Trimethylamine N-oxide dihydrate is a gut microbe-dependent metabolite of dietary choline and other trimethylamine-containing nutrients. Trimethylamine N-oxide dihydrate induces inflammation by activating the ROS/NLRP3 inflammasome. Trimethylamine N-oxide dihydrate also accelerates fibroblast-myofibroblast differentiation and induces cardiac fibrosis by activating the TGF-β/smad2 signaling pathway[1][2][3]. In Vitro:The size and migration of fibroblasts are increased after Trimethylamine N-oxide (TMAO) dihydrate treatment compared with non-treated fibroblasts in vitro. Trimethylamine N-oxide dihydrate increases TGF-β receptor I expression, which promotes the phosphorylation of Smad2 and up-regulates the expression of α-SMA and collagen I. The ubiquitination of TGF-βRI is decreased in neonatal mouse fibroblasts after Trimethylamine N-oxide dihydrate treatment.

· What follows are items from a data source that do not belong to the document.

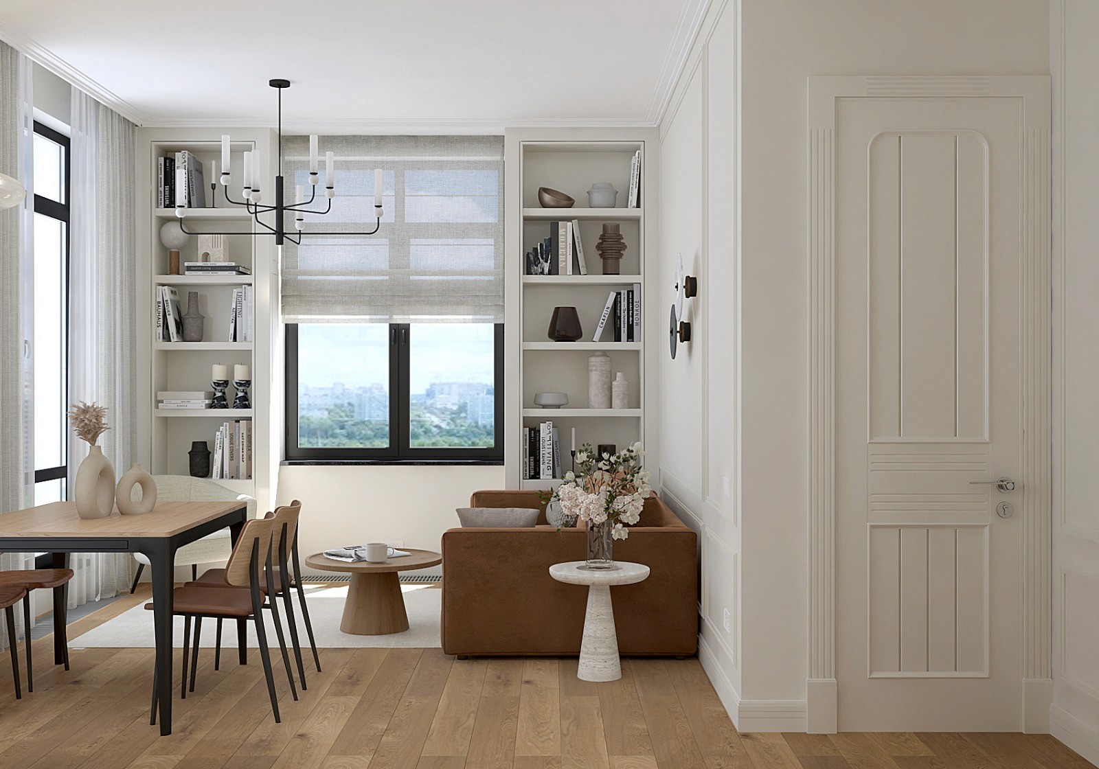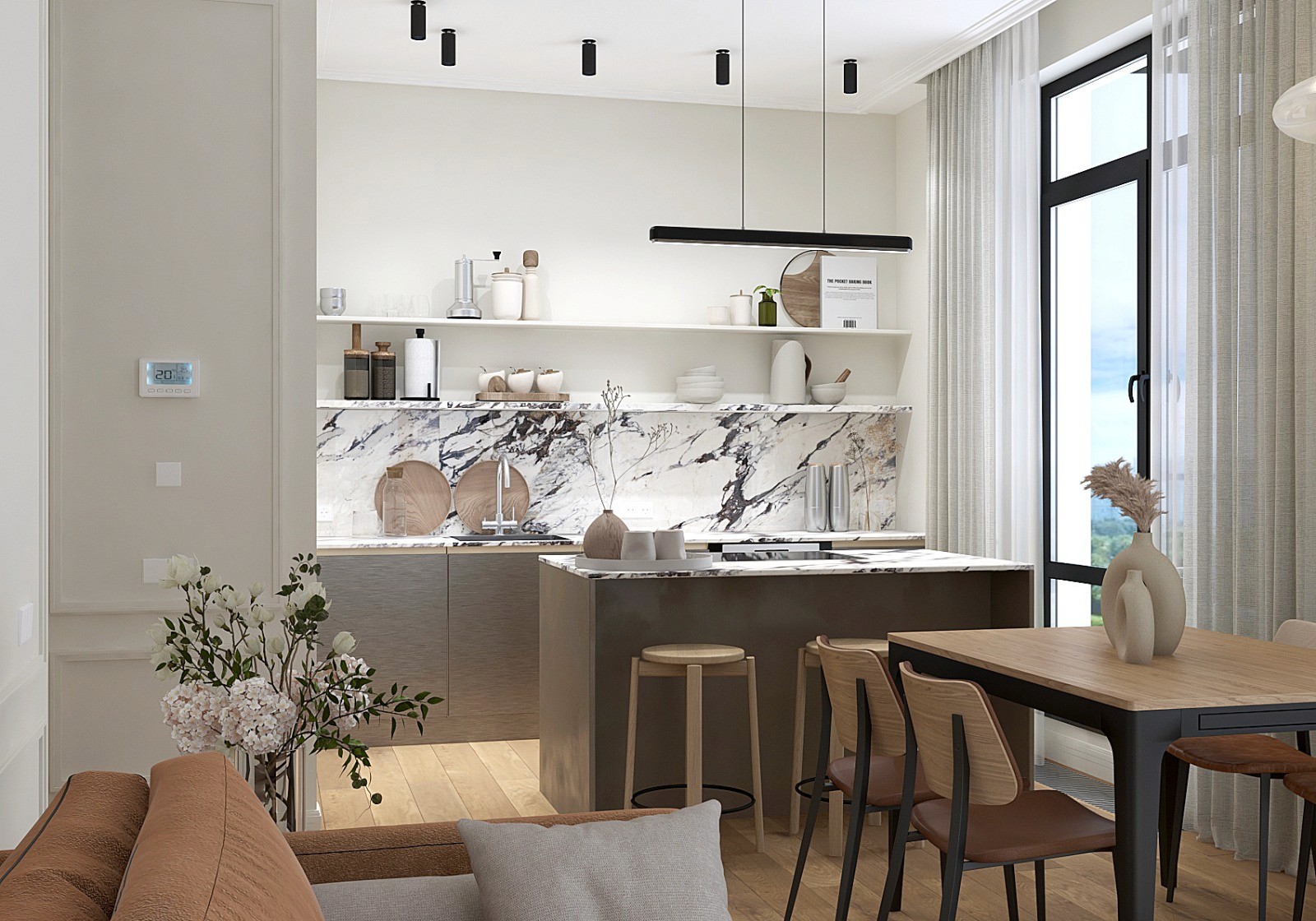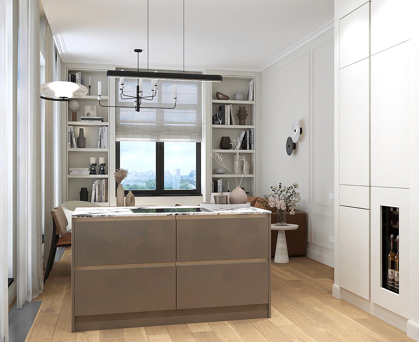 Квартира 75 кв.м для семьи с маленьким ребенком спроектирована в светлых нейтральных тонах, которые мы разбавили темными элементами, придающими интерьеру графичность: это контрастные оконные рамы, черные и темно-коричневые элементы мебели, фурнитура светильников. Органично вписаны предметы современного искусства: картины и панно, а мастер-гардеробную украшает арт-объект из хлопка, выполненный в мексиканской мастерской. Этнические элементы нашли также отражение в орнаменте полубарных стульев у кухонного острова.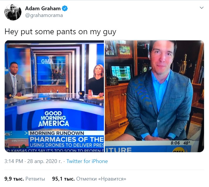 Репортер американского телеканала ABC Уилл Рив 28 апреля появился в прямом эфире одной из программ без штанов, чем произвел настоящий фурор в сети.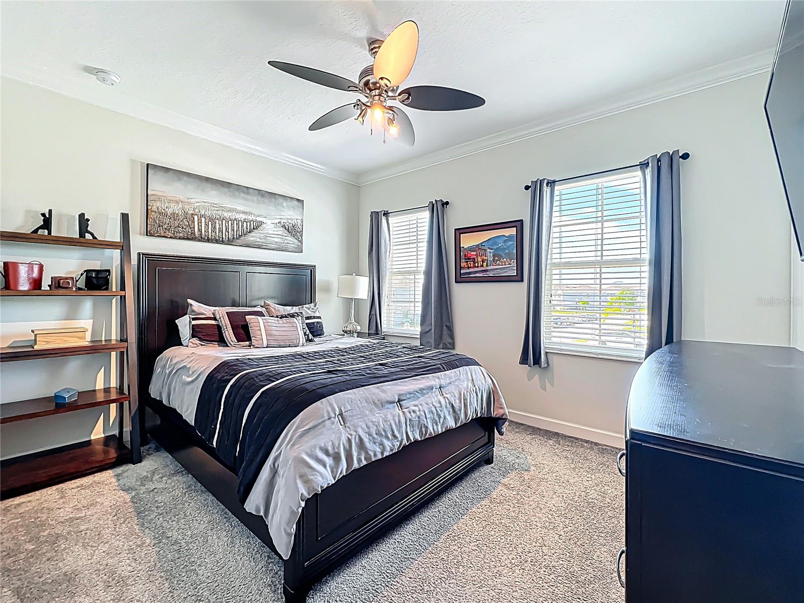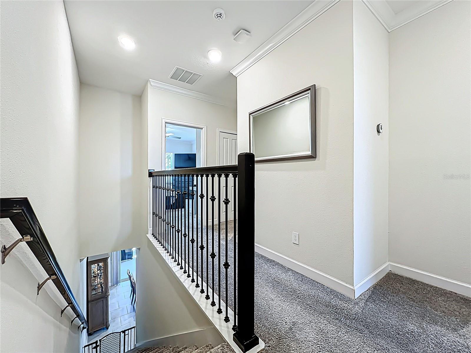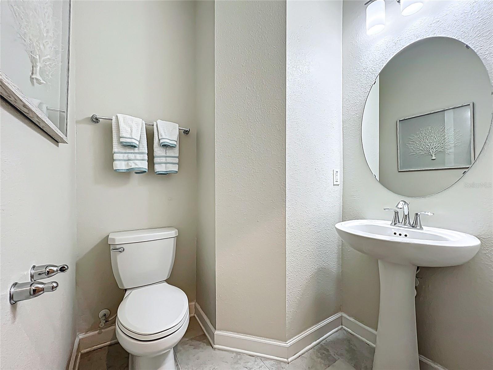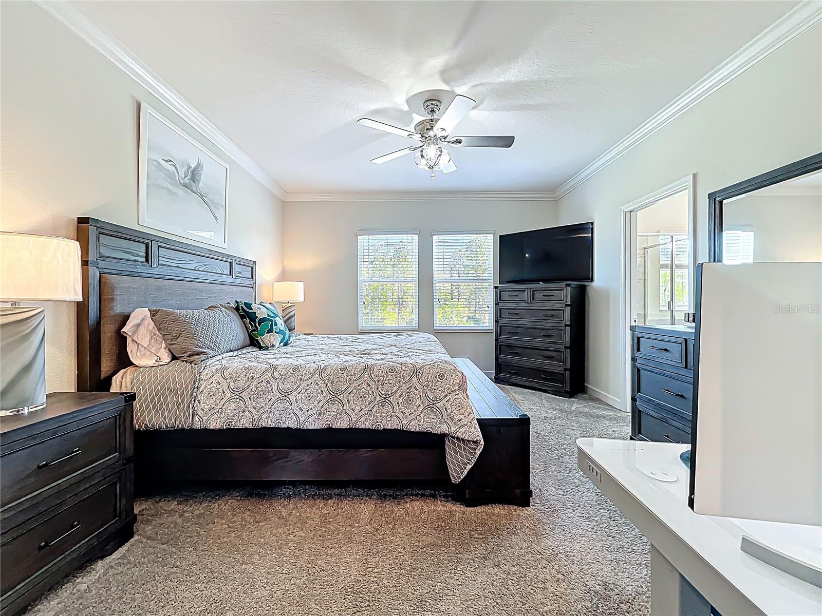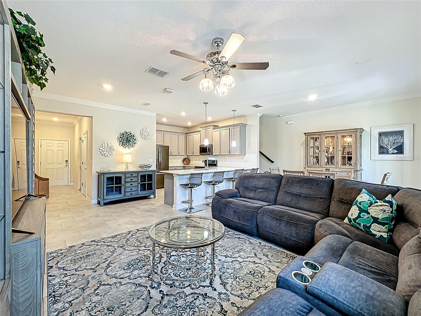 FENCED YARD. EXTENDED SCREEN PORCH. This 3-bedroom, 2.5-bath townhome offers a rare combination of privacy and outdoor living that sets it apart from the rest of the townhouses in this community. It’s the only townhome with a fully fenced-in backyard, ideal for pets or gardening AND the extended screened-in porch creates an outdoor living space. Inside, the open floor plan features a bright living area with light ceramic tile floors throughout the first level. The chef in the family will appreciate a large kitchen with an abundance of cabinets, quartz countertops, tiled backsplash, pantry closet, upgraded stainless steel appliances including a double oven range, microwave/convection combo, and refrigerator with a Keurig. The living and dining room combo is very spacious . A half bath and a 2-car garage with 3 storage racks completes the first floor. Continue upstairs to the generously sized primary suite, offering a comfortable layout that easily accommodates a king bed and additional furnishings. The ensuite bathroom is thoughtfully designed and features dual sinks on a wide vanity, a tiled walk-in shower, and a separate soaking tub—perfect for unwinding after a long day. A large walk-in closet completes the suite, offering abundant storage and organization space. Two additional bedrooms are roomy and share a second full bathroom. There is a laundry ROOM (not a laundry closet) upstairs as well. Notable special features that sets this home apart is crown molding throughout, a whole house water softener/purification system, added storage with the 3 ceiling racks in the garage, the additional living space in the screened room and extra privacy with a wooded view in the back. The Sawgrass Plantation community has an abundance of amenities including a clubhouse, pool, tennis courts, basketball courts, soccer field, dog park, 3 playgrounds, community park with bbq grills, walking trail, picnic areas and plenty of green space throughout. LOCATION is key and this one has it! Orlando International Airport, Amazon warehouse, multiple supermarkets, shopping, area theme parks, attractions and golf are all a short distance away. East coast beaches and Cape Canaveral are just about an hour away adding another special bonus as you can watch the rocket launches from your back yard!

Trimethylamine N-oxide dihydrate also inhibits the expression of smurf2[2].
Trimethylamine N-oxide is frequently found in the tissues of a variety of marine organisms that protects against the adverse effects of temperature, salinity, high urea and hydrostatic pressure[3]. In Vivo:Note:
Please do not refer to only one article to determine the experimental conditions. It is recommended to determine the optimal experimental conditions (animal strain, age, dosage, frequency and cycle, detection time and indicators, etc.) through preliminary experiments before the formal experiment.

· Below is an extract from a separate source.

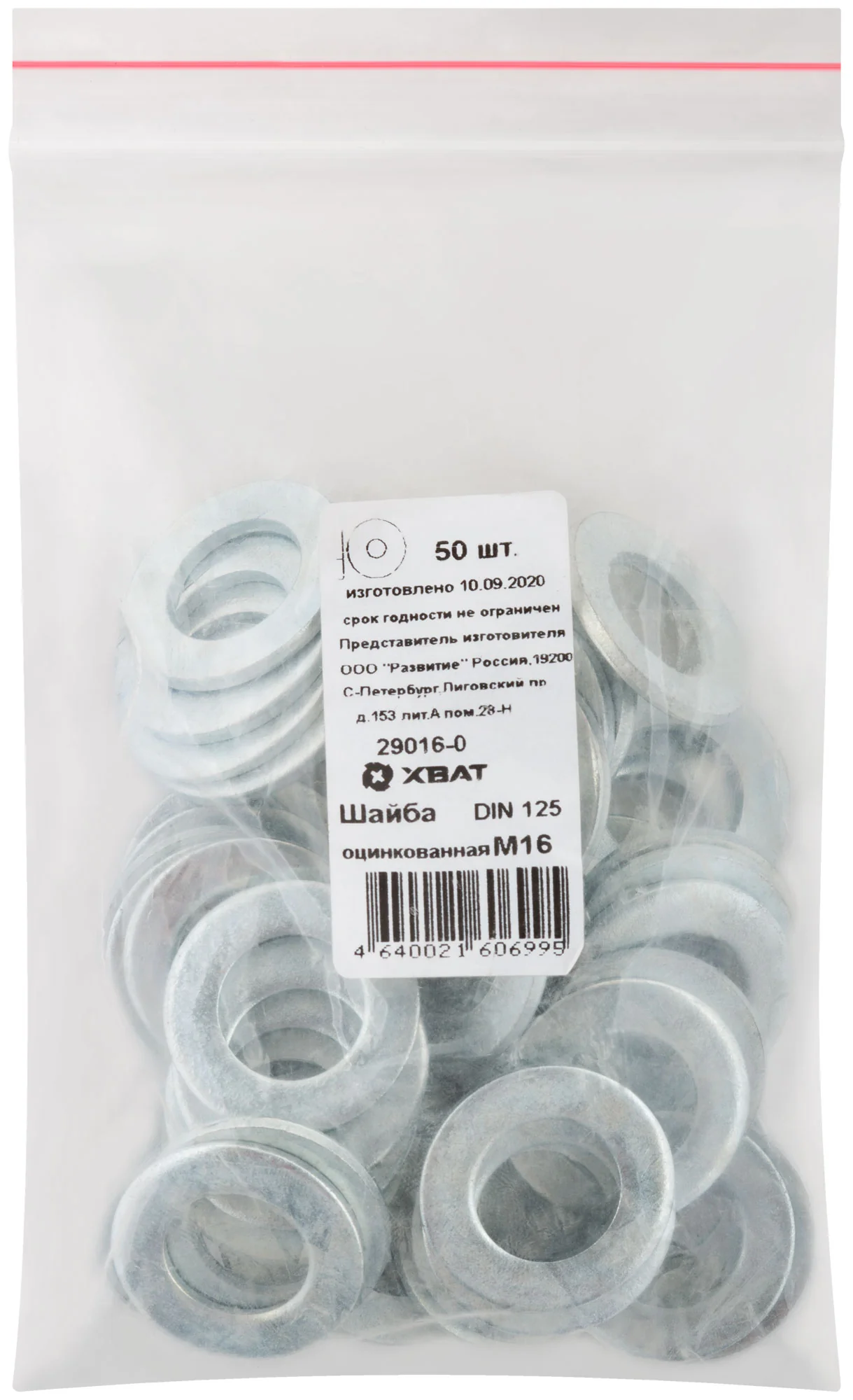 Шайба изготовлена из конструкционной стали с оцинкованным покрытием, что гарантирует защиту от коррозии и долговечность. Типоразмер М16 соответствует стандарту DIN 125 и подходит для широкого спектра крепежных задач.

Trimethylamine N-oxide (dihydrate) can be used in animal modeling to create cardiovascular and metabolic disease models[1].

Induction of cardiovascular and metabolic diseases
Background
Trimethylamine N-oxide (dihydrate) stimulated cardiac hypertrophy, as indicated by increased cell area of cardiomyocytes and expression of hypertrophic markers including atrial natriuretic peptide (ANP) and beta-myosin heavy chain (β-MHC). Additionally, Trimethylamine N-oxide (dihydrate) induced cardiac hypertrophy and cardiac fibrosis in SD rats[2].
Specific Mmodeling Methods
Rat: Wistar• male• weighing 200-250 g[1]
Administration: 100 μM and 1 mM• perfusion or incubation in TMAO-containing buffer solution• incubated for 1 h[1]
Mice: CD-1• male• weighing 25-30 g• 6-8 weeks of age[1]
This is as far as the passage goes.